In which condition: an element of function field of $\mathbb{P}^1$ has zero or pole or no-zero&no-pole.
I am thinking that: since $\mathbb{P}^1$ and $\mathbb{A}^1$ is birrationally equivalent (i.e. their function fields are isomorphic), we can check element in function field of $\mathbb{A}^1$ and (using with homogenize and dehomogenize) we can conclude the result also for $\mathbb{P}^1$.
I actually also wonder that how can we prove "birrationally equivalent iff their function fields are isomorphic." I proved it as in the book of Hartshore.
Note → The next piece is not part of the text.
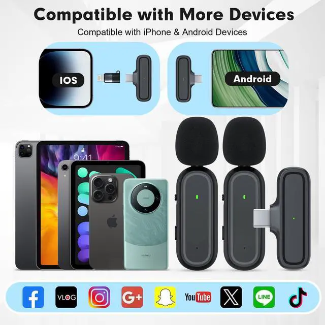 True Plug-and-Play - 1-Second Setup for 2-Person Recording Simply plug the Lightning/USB-C connector into your iPhone, iPad, or Android device, clip the lavalier mics onto shirtsstarts working in 1 second, no apps/drivers needed! This 2-pack mini wireless mic supports simultaneous dual-person recording, perfect for content creators: YouTube, vlogs, TikTok, podcasts, live streams, Zoom meetings, interviews, online classes, and singing recordings. Ideal for remote workers, influencers, and educatorshassle-free setup, no technical skills required.

But if we write maps as $[\phi_1,\phi_2,\phi_3]$, then how can we prove in this way.
If $M$ is an (irreducible) variety, then the rational functions are the regular functions, defined on some (non-empty) open subsets (different for different functions), up to the equivalence on the intersection of the subsets. It is well defined because any two (non-empty) open subsets are intersecting.
One may restrict any rational function on the fixed affine open subset $\operatorname{Spec} A$, getting an isomorphism $$\operatorname{Quot} A=k(\operatorname{Spec} A)=k(X),$$ which for $\mathbb A^n \subset \mathbb P^n$ is $$k(x_1,\ldots,x_n)=k(\mathbb A^n)=k(\mathbb P^n),$$ so the rational functions on $\mathbb P^n$ are the "real" rational functions.
In the case of $\mathbb P^1$, any rational function $f \in k(x)$ may be written as a fraction of two coprime polynomials $f=g/h, g,h \in k[x]$. Then the zeroes of $f$ on the map $\mathbb A^1$ are the zeroes of $g$, and the poles are the zeroes of $h$, with the necessary multiplicities. The order of a zero of a pole at the infinity is equal to $\deg f=\deg h-\deg g$, as you can easily check in another map.
So the number of poles is equal to the number of zeroes (counted with multiplicities), and a function either has a zero and a pole, or none of them.